What you are asked to do: Repeat everything in the data exactly except images.

Data section:
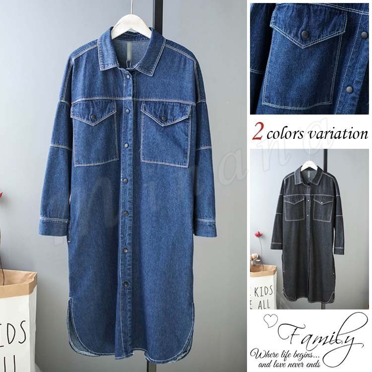 ロング丈 デニムジャケット デニムコート レディース デニム トレンチコート Gジャン ロング ジージャン マニッシュ ボーイフレンド風
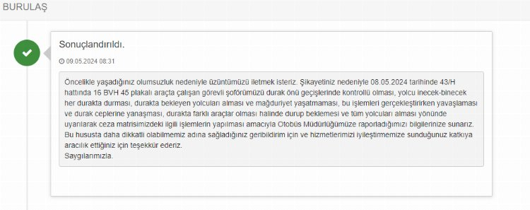 Öte yandan yapılan şikayet sonrası BURULAŞ'tan konuyla ilgili açıklama geldi. Yapılan açıklamada şu ifadelere yer verildi:
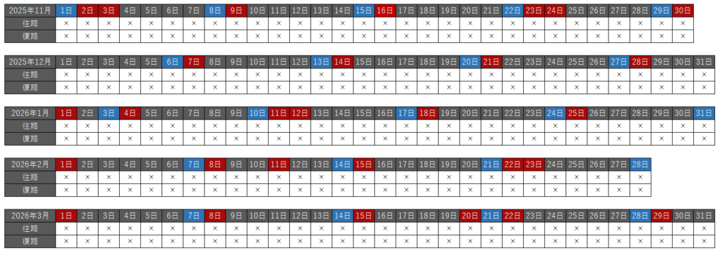 往路・復路それぞれで、空席状況を以下の種類で分けています。
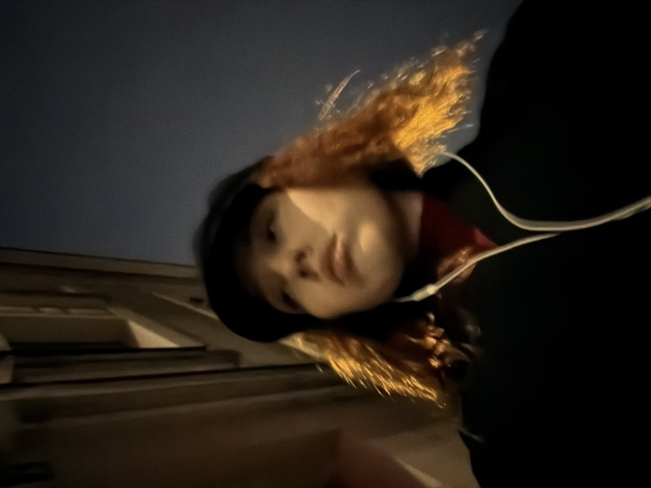 A low-angle shot features a person with reddish-blonde, somewhat frizzy hair, wearing a dark jacket with a white stripe. Part of a building is visible in the bottom left, suggesting the photo was taken outside at night. The background sky is dark, with soft light illuminating the person's face and hair. The person is wearing a black hat. The angle is slightly tilted, adding a dynamic feel to the composition.

Reply:
 ロング丈 デニムジャケット デニムコート レディース デニム トレンチコート Gジャン ロング ジージャン マニッシュ ボーイフレンド風
 Öte yandan yapılan şikayet sonrası BURULAŞ'tan konuyla ilgili açıklama geldi. Yapılan açıklamada şu ifadelere yer verildi:
 往路・復路それぞれで、空席状況を以下の種類で分けています。
 A low-angle shot features a person with reddish-blonde, somewhat frizzy hair, wearing a dark jacket with a white stripe. Part of a building is visible in the bottom left, suggesting the photo was taken outside at night. The background sky is dark, with soft light illuminating the person's face and hair. The person is wearing a black hat. The angle is slightly tilted, adding a dynamic feel to the composition.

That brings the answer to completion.